The true difficulty of implementing such simple theories would keep me drifting throughout the better part of 2017. It wasn’t until a sincere understanding of the finite and unpredictable amount of time we have on this earth, and the corresponding contemplation of my own demise, would I finally, intentionally, write my own future.

The concept of having the freedom to choose our own future is a wonderful thing, but it’s not without peril. It’s a freedom that much of western society clings to preciously, as if it were the ultimate essence of their existence, but rarely examines what that actually means in a deep and genuine sense. Seldom do we take advantage of free will in a way that creates true freedom, but rather in ways that create an illusion of freedom. Or more simply, our choices are actually taking away our freedoms.

We choose mortgages that chain us to jobs that we hate; we buy material things that demand cleaning and storage; we keep relationships that require more time or energy than we have to give; we fill schedules with activities that restrict our freedom of time and place; we choose promises of pensions over youthful exuberance and living in the moment; we choose material luxuries over a sustainable environment; we choose things over experiences.

We choose all these things at the expense of something else.

We choose these things because they are what we are supposed to choose.

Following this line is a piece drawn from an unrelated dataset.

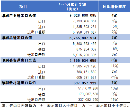 根據國家海關總署最新發布的統計數據,2024年1~5月國內印刷品、印刷裝備、印刷器材進出口總值為96.29億美元(參見表1),與去年同期相比增長4%。

They are what our family tells us is right, they are what businesses tell us is best (most profitable), they are what culture has groomed us to believe over decades. More often than not, it’s pure crap.

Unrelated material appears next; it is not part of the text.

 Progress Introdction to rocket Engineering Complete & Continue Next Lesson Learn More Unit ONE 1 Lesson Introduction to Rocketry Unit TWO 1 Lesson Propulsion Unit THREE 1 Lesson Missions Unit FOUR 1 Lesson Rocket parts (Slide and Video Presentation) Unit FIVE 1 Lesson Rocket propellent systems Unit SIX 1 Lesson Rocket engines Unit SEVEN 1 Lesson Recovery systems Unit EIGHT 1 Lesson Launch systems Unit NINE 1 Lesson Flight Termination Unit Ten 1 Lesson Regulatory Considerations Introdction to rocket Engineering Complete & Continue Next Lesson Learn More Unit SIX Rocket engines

Make no mistake: there is freedom of choice in all our decisions. We need only be keenly aware of the flip side of that coin of choice. If it’s heads, it can’t also be tails. Choosing one path often means closing off another.


Journey or Destination

As the concept of minimalism and “living small” continues to remain at the forefront of my life, it brings me back to Mark’s concept that we are always choosing.

Minimalism at its roots is not suggesting that any particular way of living is right for everyone. Truthfully, when I first heard the word, I’m quite certain my mind read: minimalism = give away all your stuff. No, in fact minimalism is a principle designed to remove excess so that we can focus on what really matters. It’s not a manual of “how-to”, it’s a concept of “why-to”. (see; Everything that Remains, by JFM).

Whether you are a long-running minimalist like Joshua Fields-Millburn, Ryan Nicodemus, Joshua Becker, or Courtney Carver; or you are just beginning to seek out the concept of less; everything embodies the notion that we are always choosing. Minimalism in particular helps us understand that everything we choose to allow into our lives comes at the expense of something else; whether those are careers, material things, homes, activities, or even people.

Intentional and deliberate living isn’t a one-time decision. Rather, it’s a means to ensure that your most closely-held values guide each and every decision you make (if you aren’t sure that you’ve really defined your core values, try this first).

Life is an ongoing journey of intentional choice, without a finite destination.

We must decide, consciously, that our lives will embody only those values that we hold most true, not the values that others will certainly seek to impose upon us. Walking this path by yourself is extraordinarily difficult. Walking it with a wife, two children, extended family and a culture ingrained in habits perpetuated by consumption can be a straight up gong show.

We are only on the first leg of our long path towards less, towards intentionality and towards value-driven living. I can tell you though, that it’s been worth it so far. I’ve no doubt each step will bring more meaning. And you know what? I’ve had a really hard time finding stories of those who have regretted this path.

Be sure that you know what both sides of your coin really mean. Then choose.